Sunday, March 2, 2014

03-02-2014

  It has been a few days since mom's funeral, which was Friday. Mom is in Heaven now but it still hurts, especially at night when I would call. The day I can keep busy but even then it isn't without pain since it involves going through mom's stuff to try and find her Insurance papers, and make sure the food is gone. We gave the items that Hospice left behind to the Senior Center, got some Ensure too. In this world it leaves no time for grief, and that is sad. Mom made millions in her life yet died with debt where she gave most of it away, actually all of it. Bills have to be paid, which we can do for a while, but not forever. Mom looked at me the day before she died and asked why we worked all the time. Why did we buy all this stuff. Why didn't we slow down and enjoy each other more and appreciate what we had rather than working all the time to buy more. I don't know is about all I could come up with, well that, and we seemed to enjoy working all the time. I came to that realization the night I felt my heart beating out of my chest while I smothered and grew cold.
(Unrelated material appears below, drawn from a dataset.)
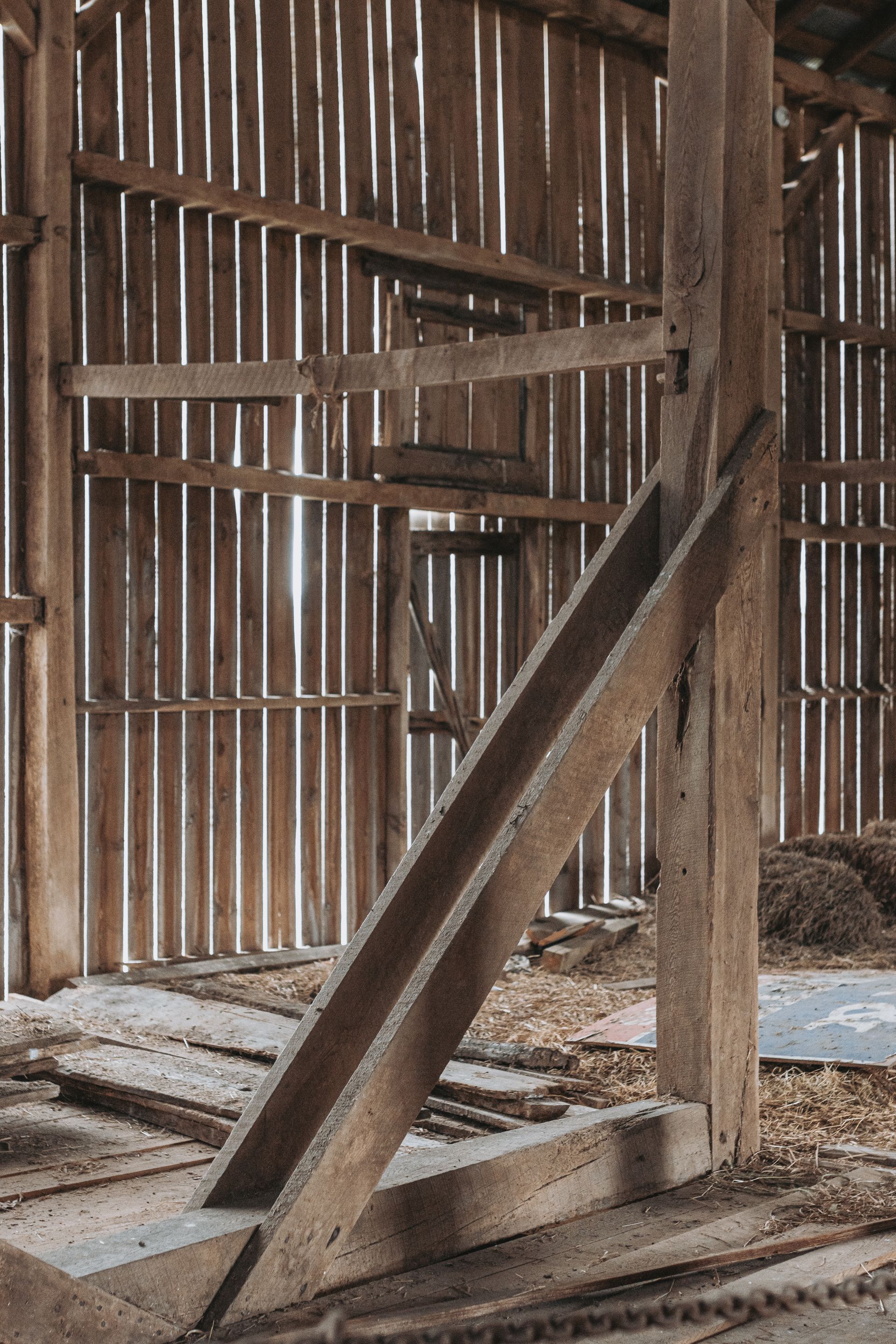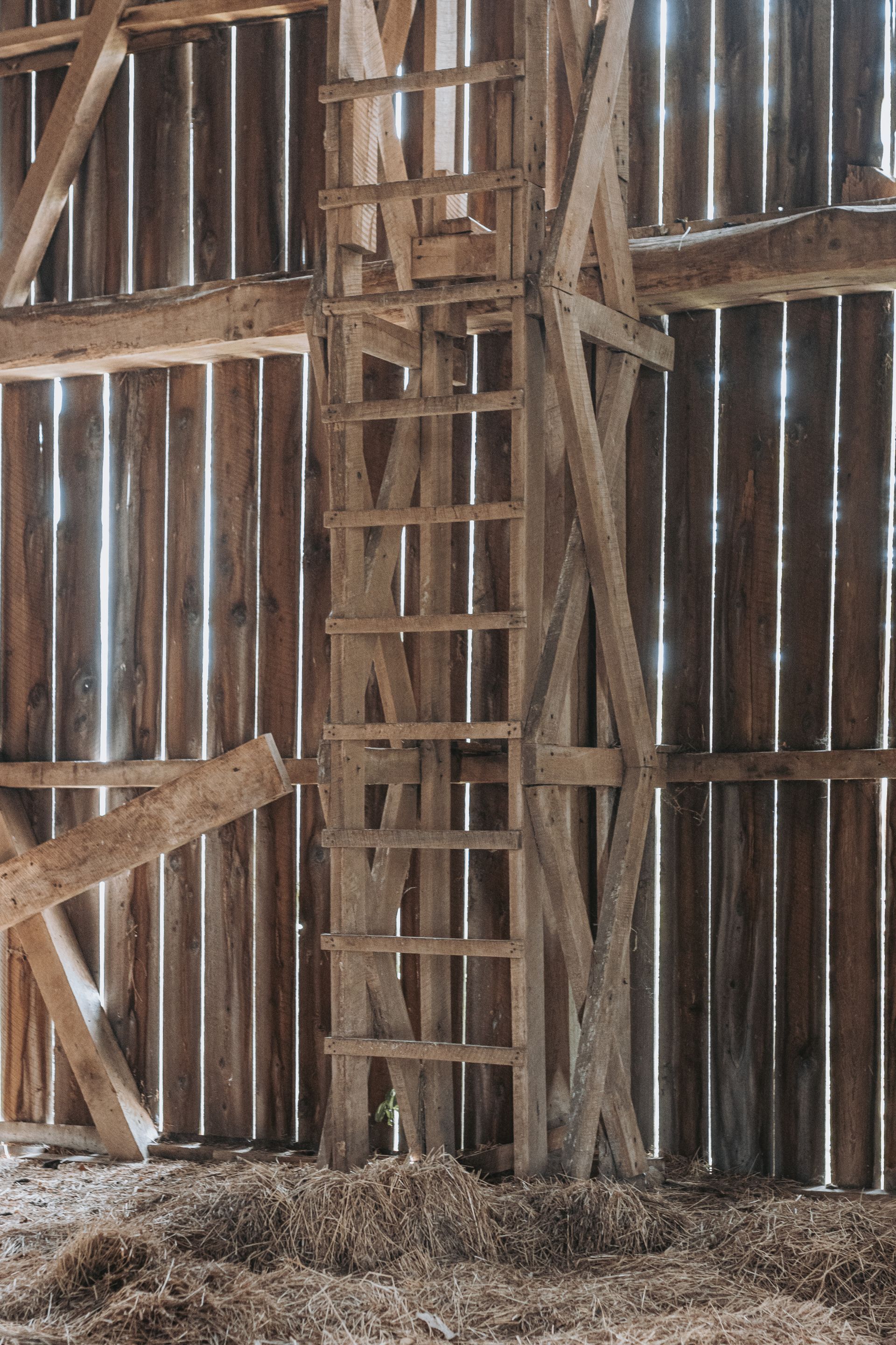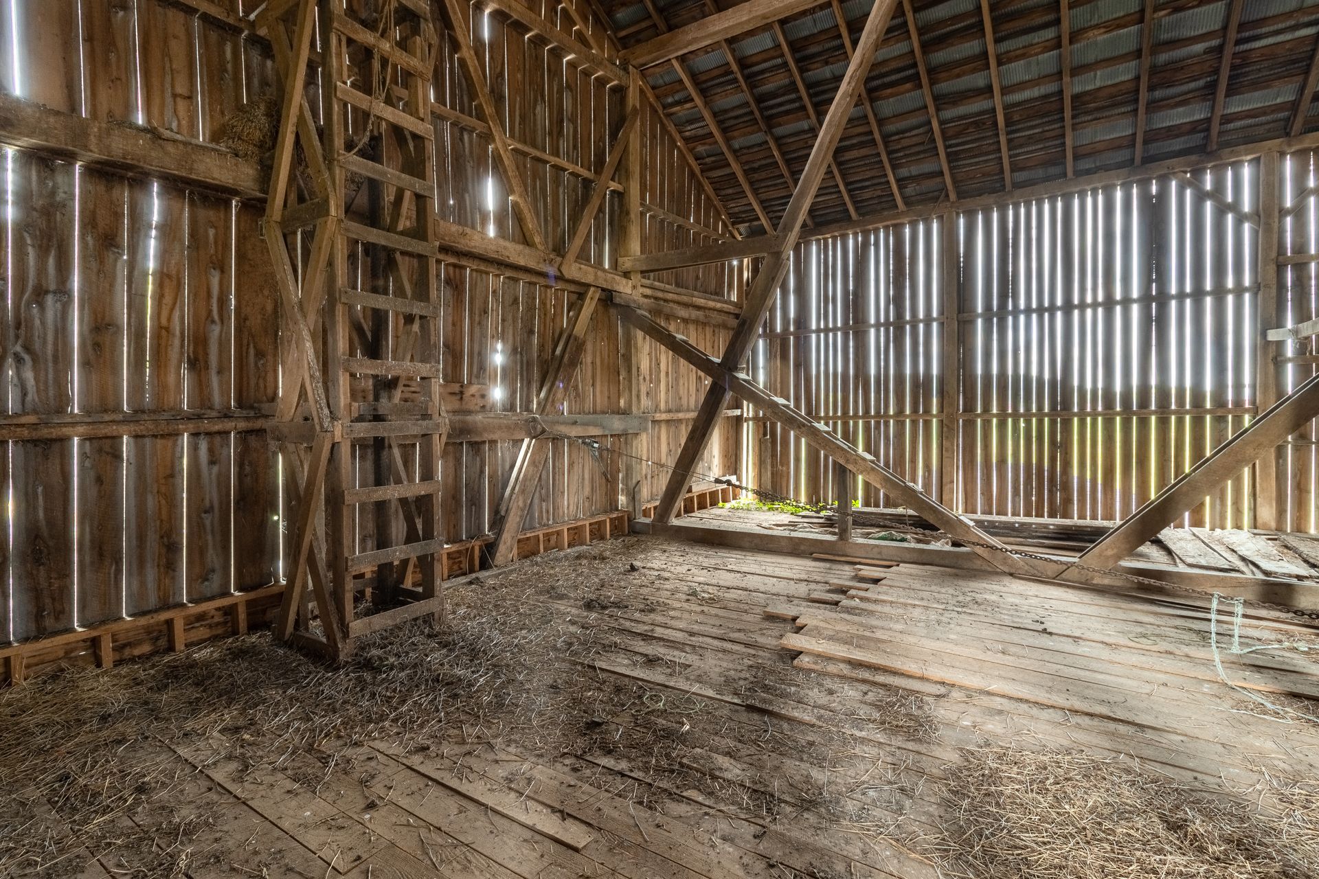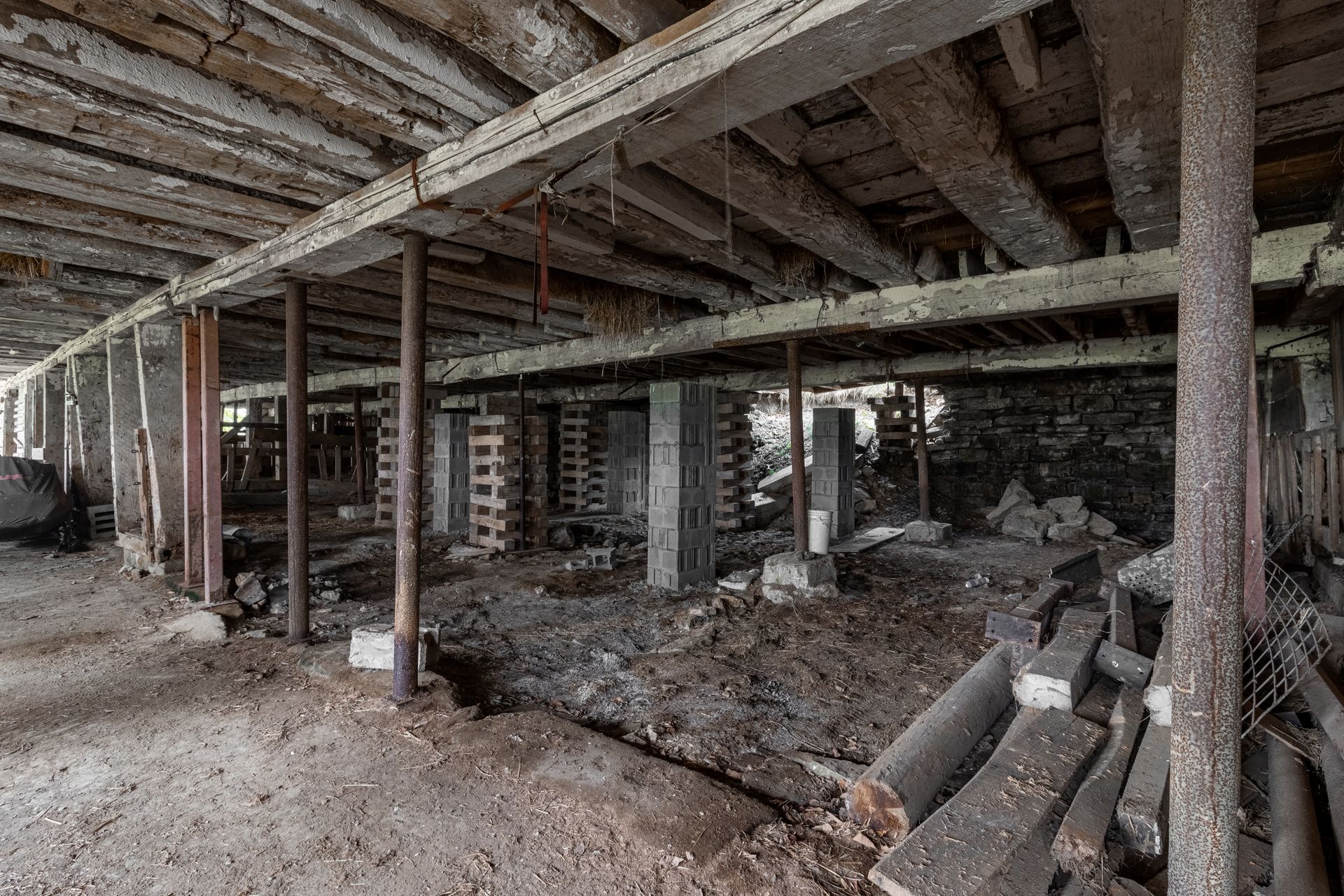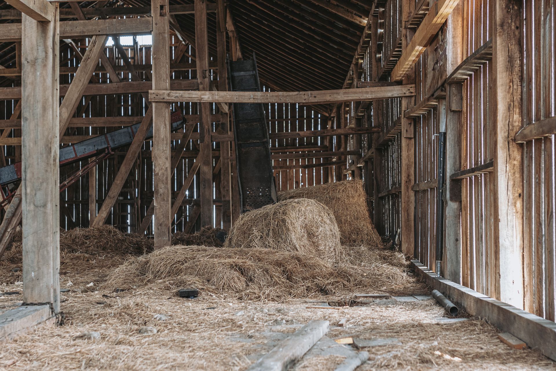 Long beautiful frame. 11-foot off bays make a monitor barn an option. Large wind braces.

I again went through that for almost a year while I fought once again for my life from the throat cancer and the medicine (aka Poison).

  At night I called her... every night. We would talk throughout the day on and off but at night at least once, usually more. I miss though brief calls. I remains strong so that the rest will and when I break I go off alone to do it. Megan has really taken it hard, she worked so hard to take care of mom. Funny, mom didn't have a lot to do with Megan when she was small, I guess she just didn't know how or was afraid of her with her hearing loss. She clung to Annie yet stayed at a distance to Megan, but dad didn't. Yet in the end it wasn't Annie who took care of mom it was Megan, Annie helped twice but Megan would not leave her side. Megan stayed the nights and the last week she wouldn't leave during the days either, and barely slept. Needless to say, she is sick physically too. I swear she sounds like she has Pneumonia too.

  Tomorrow I go for my blood work, a week late but the doctor should have it in time for Friday's appointment, he will just have to look it over a bit quicker. The creams seems to be helping with the patches of CTCL, the shampoo and stuff for the stress related infection on my scalp... not so much. I go soon to Rathfoot too for a follow-up.